### Task requirements:
Don't include any picture when you restate the data word for word.

### Records provided:
_ _ _ _ _ _ _
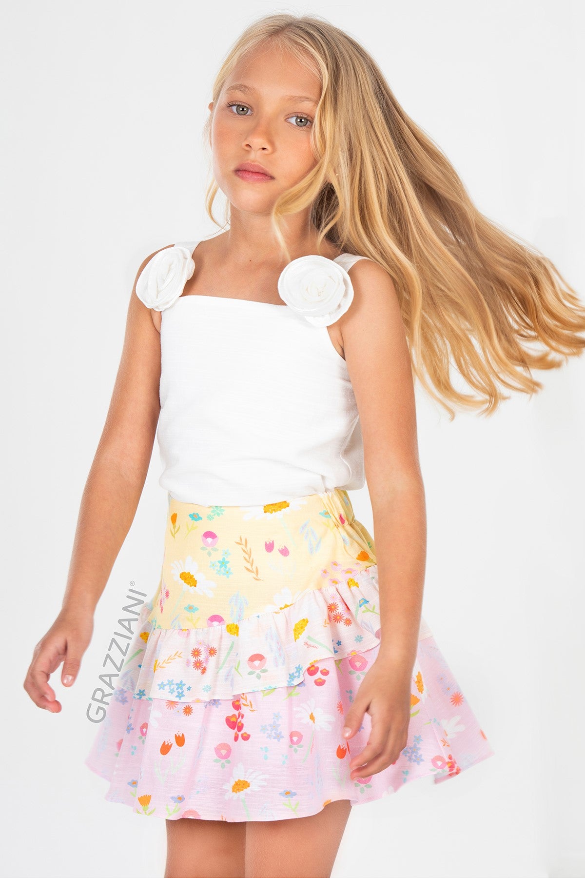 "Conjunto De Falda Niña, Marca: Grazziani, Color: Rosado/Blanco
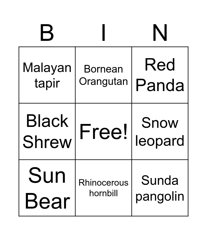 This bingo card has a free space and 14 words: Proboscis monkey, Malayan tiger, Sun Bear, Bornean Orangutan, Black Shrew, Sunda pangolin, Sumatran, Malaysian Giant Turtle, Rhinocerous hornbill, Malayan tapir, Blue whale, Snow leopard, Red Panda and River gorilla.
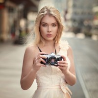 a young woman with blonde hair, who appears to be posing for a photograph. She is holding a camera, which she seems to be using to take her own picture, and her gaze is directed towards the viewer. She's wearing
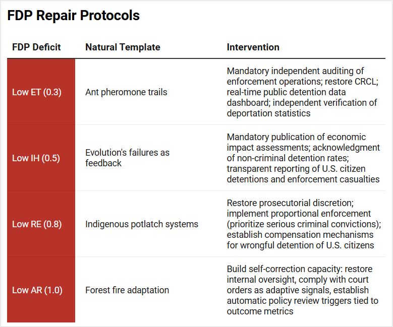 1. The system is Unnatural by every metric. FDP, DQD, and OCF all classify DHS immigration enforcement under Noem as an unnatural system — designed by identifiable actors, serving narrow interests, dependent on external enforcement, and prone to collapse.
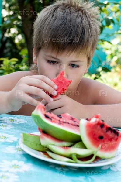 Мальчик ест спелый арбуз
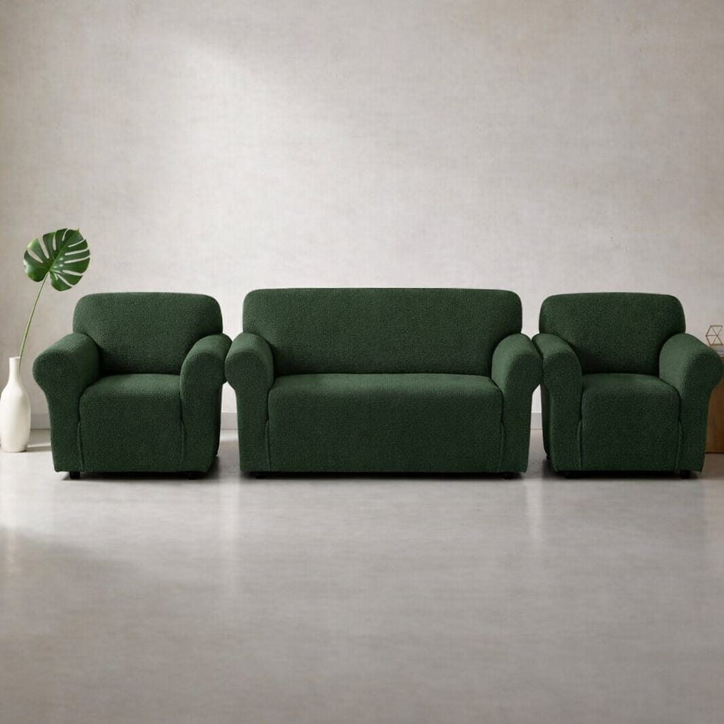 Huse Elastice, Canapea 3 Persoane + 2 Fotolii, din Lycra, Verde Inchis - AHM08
_ _ _ _ _ _ _
### Exercise result:
 "Conjunto De Falda Niña, Marca: Grazziani, Color: Rosado/Blanco
 This bingo card has a free space and 14 words: Proboscis monkey, Malayan tiger, Sun Bear, Bornean Orangutan, Black Shrew, Sunda pangolin, Sumatran, Malaysian Giant Turtle, Rhinocerous hornbill, Malayan tapir, Blue whale, Snow leopard, Red Panda and River gorilla.
 a young woman with blonde hair, who appears to be posing for a photograph. She is holding a camera, which she seems to be using to take her own picture, and her gaze is directed towards the viewer. She's wearing
 1. The system is Unnatural by every metric. FDP, DQD, and OCF all classify DHS immigration enforcement under Noem as an unnatural system — designed by identifiable actors, serving narrow interests, dependent on external enforcement, and prone to collapse.
 Мальчик ест спелый арбуз
 Huse Elastice, Canapea 3 Persoane + 2 Fotolii, din Lycra, Verde Inchis - AHM08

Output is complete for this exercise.